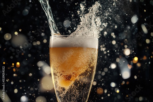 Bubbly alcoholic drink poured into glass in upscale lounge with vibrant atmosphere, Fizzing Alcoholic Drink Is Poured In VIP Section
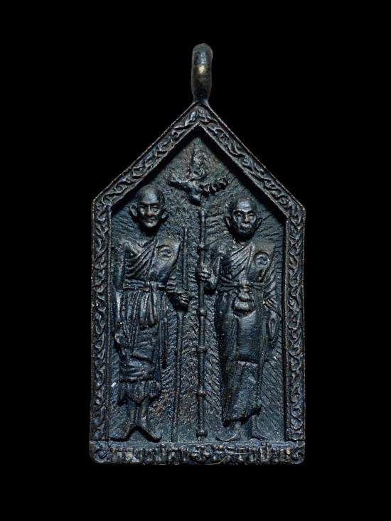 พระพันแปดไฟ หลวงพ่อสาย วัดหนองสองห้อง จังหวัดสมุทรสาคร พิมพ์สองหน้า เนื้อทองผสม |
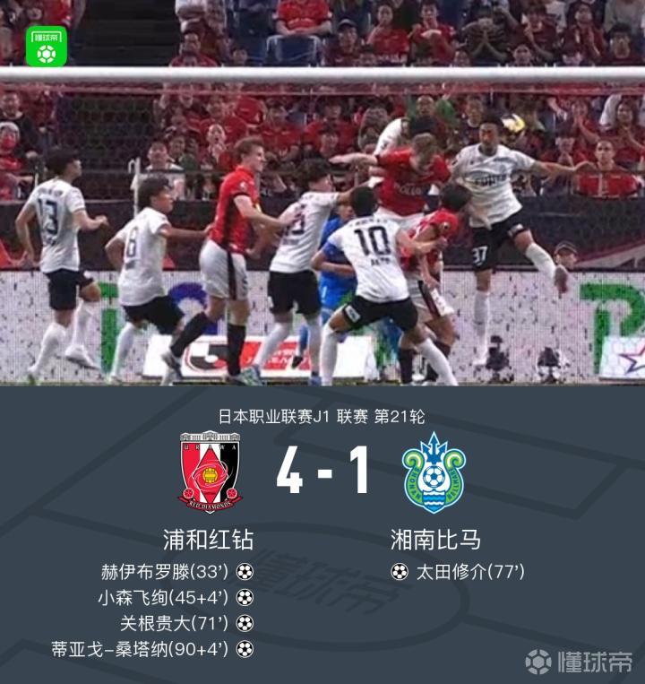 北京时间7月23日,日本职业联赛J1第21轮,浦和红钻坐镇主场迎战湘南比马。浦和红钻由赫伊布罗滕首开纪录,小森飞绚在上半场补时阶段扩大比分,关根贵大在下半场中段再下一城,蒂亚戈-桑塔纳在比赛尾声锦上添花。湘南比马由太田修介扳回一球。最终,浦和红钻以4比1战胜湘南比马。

* * *

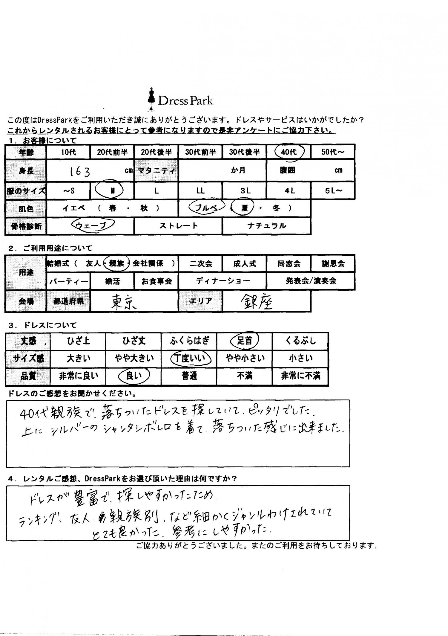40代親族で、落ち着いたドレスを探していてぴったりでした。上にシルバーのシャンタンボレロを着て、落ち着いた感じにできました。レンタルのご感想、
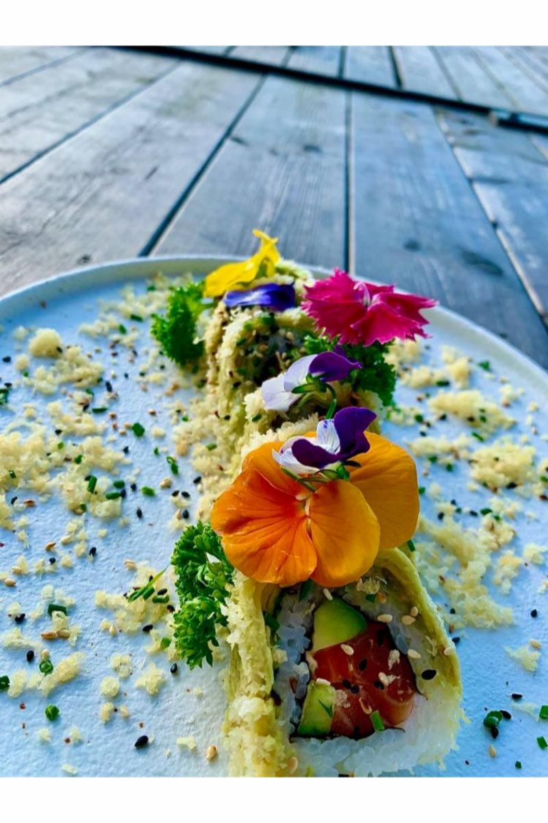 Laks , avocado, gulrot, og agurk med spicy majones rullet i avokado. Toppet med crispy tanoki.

TASK DESCRIPTION
In the entries above, every line from the line with "พระพันแปดไฟ หลวงพ่อสาย วัดหนองสองห้อง" to the line with "北京时间7月23日,日本职业" is to be printed exactly, with both ends included and pictures excluded.

ANSWER BOX
 พระพันแปดไฟ หลวงพ่อสาย วัดหนองสองห้อง จังหวัดสมุทรสาคร พิมพ์สองหน้า เนื้อทองผสม |
 北京时间7月23日,日本职业联赛J1第21轮,浦和红钻坐镇主场迎战湘南比马。浦和红钻由赫伊布罗滕首开纪录,小森飞绚在上半场补时阶段扩大比分,关根贵大在下半场中段再下一城,蒂亚戈-桑塔纳在比赛尾声锦上添花。湘南比马由太田修介扳回一球。最终,浦和红钻以4比1战胜湘南比马。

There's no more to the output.